14 Nov, 2020

1 commit

  • For avoiding use-after-free on flush request, we call its .end_io() from
    both timeout code path and __blk_mq_end_request().

    When flush request's ref doesn't drop to zero, it is still used, we
    can't mark it as IDLE, so fix it by marking IDLE when its refcount drops
    to zero really.

    Fixes: 65ff5cd04551 ("blk-mq: mark flush request as IDLE in flush_end_io()")
    Signed-off-by: Ming Lei
    Cc: Yi Zhang
    Signed-off-by: Jens Axboe

    Ming Lei
     

30 Oct, 2020

1 commit

  • Mark flush request as IDLE in its .end_io(), aligning it with how normal
    requests behave. The flush request stays in in-flight tags if we're not
    using an IO scheduler, so we need to change its state into IDLE.
    Otherwise, we will hang in blk_mq_tagset_wait_completed_request() during
    error recovery because flush the request state is kept as COMPLETED.

    Reported-by: Yi Zhang
    Signed-off-by: Ming Lei
    Tested-by: Yi Zhang
    Cc: Chao Leng
    Cc: Sagi Grimberg
    Signed-off-by: Jens Axboe

    Ming Lei
     

12 Aug, 2020

1 commit

  • In case of none scheduler, we share data request's driver tag for
    flush request, so have to mark the flush request as INFLIGHT for
    avoiding double account of this driver tag.

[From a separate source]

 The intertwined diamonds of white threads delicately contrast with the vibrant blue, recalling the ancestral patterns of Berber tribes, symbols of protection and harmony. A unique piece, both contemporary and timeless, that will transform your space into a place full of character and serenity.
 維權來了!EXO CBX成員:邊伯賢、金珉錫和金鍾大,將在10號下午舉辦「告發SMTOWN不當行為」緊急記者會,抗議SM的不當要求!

    Fixes: 568f27006577 ("blk-mq: centralise related handling into blk_mq_get_driver_tag")
    Reported-by: Matthew Wilcox
    Signed-off-by: Ming Lei
    Tested-by: Matthew Wilcox
    Cc: Christoph Hellwig
    Signed-off-by: Jens Axboe

    Ming Lei
     

17 Jul, 2020

1 commit

  • Commit 7520872c0cf4 ("block: don't defer flushes on blk-mq + scheduling")
    tried to fix deadlock for cycled wait between flush requests and data
    request into flush_data_in_flight. The former holded all driver tags
    and wait for data request completion, but the latter can not complete
    for waiting free driver tags.

    After commit 923218f6166a ("blk-mq: don't allocate driver tag upfront
    for flush rq"), flush requests will not get driver tag before queuing
    into flush queue.

    * With elevator, flush request just get sched_tags before inserting
    flush queue. It will not get driver tag until issue them to driver.
    data request on list fq->flush_data_in_flight will complete in
    the end.

    * Without elevator, each flush request will get a driver tag when
    allocate request. Then data request on fq->flush_data_in_flight
    don't worry about lacking driver tag.

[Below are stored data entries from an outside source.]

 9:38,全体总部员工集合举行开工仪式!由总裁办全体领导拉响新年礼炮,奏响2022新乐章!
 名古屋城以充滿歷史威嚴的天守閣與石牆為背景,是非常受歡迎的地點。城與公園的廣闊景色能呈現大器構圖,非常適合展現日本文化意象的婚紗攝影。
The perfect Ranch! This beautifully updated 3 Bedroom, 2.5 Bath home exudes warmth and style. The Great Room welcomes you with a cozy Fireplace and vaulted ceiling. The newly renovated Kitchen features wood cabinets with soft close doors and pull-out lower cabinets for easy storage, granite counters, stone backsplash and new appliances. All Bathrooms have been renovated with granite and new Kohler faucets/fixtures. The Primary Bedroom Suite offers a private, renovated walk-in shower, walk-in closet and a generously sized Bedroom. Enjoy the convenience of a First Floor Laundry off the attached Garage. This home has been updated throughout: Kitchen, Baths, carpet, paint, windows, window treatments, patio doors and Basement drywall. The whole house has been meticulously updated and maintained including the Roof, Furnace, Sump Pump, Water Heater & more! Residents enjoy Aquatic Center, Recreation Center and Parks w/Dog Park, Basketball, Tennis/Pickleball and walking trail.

    In both of these cases, cycled wait cannot be true. So we may allow
    to defer flush request.

    Signed-off-by: Yufen Yu
    Reviewed-by: Ming Lei
    Signed-off-by: Jens Axboe

    Yufen Yu
     

09 Jul, 2020

1 commit


02 Jul, 2020

1 commit

  • This reverts commits the following commits:

    37f4a24c2469a10a4c16c641671bd766e276cf9f
    723bf178f158abd1ce6069cb049581b3cb003aab
    36a3df5a4574d5ddf59804fcd0c4e9654c514d9a

    The last one is the culprit, but we have to go a bit deeper to get this
    to revert cleanly. There's been a report that this breaks some MMC
    setups [1], and also causes an issue with swap [2]. Until this can be
    figured out, revert the offending commits.

    [1] https://lore.kernel.org/linux-block/57fb09b1-54ba-f3aa-f82c-d709b0e6b281@samsung.com/
    [2] https://lore.kernel.org/linux-block/20200702043721.GA1087@lca.pw/

    Reported-by: Marek Szyprowski
    Reported-by: Qian Cai
    Signed-off-by: Jens Axboe

    Jens Axboe
     

01 Jul, 2020

1 commit


29 Jun, 2020

1 commit

  • It is natural to release driver tag when this request is completed by
    LLD or device since its purpose is for LLD use.

    One big benefit is that the released tag can be re-used quicker since
    bio_endio() may take too long.

    Meantime we don't need to release driver tag for flush request.

    Reviewed-by: Christoph Hellwig
    Signed-off-by: Ming Lei
    Signed-off-by: Jens Axboe

    Ming Lei
     

22 May, 2020

2 commits


19 May, 2020

1 commit

  • The flush_queue_delayed was introdued to hold queue if flush is
    running for non-queueable flush drive by commit 3ac0cc450870
    ("hold queue if flush is running for non-queueable flush drive"),
    but the non mq parts of the flush code had been removed by
    commit 7e992f847a08 ("block: remove non mq parts from the flush code"),
    as well as removing the usage of the flush_queue_delayed flag.
    Thus remove the unused flush_queue_delayed flag.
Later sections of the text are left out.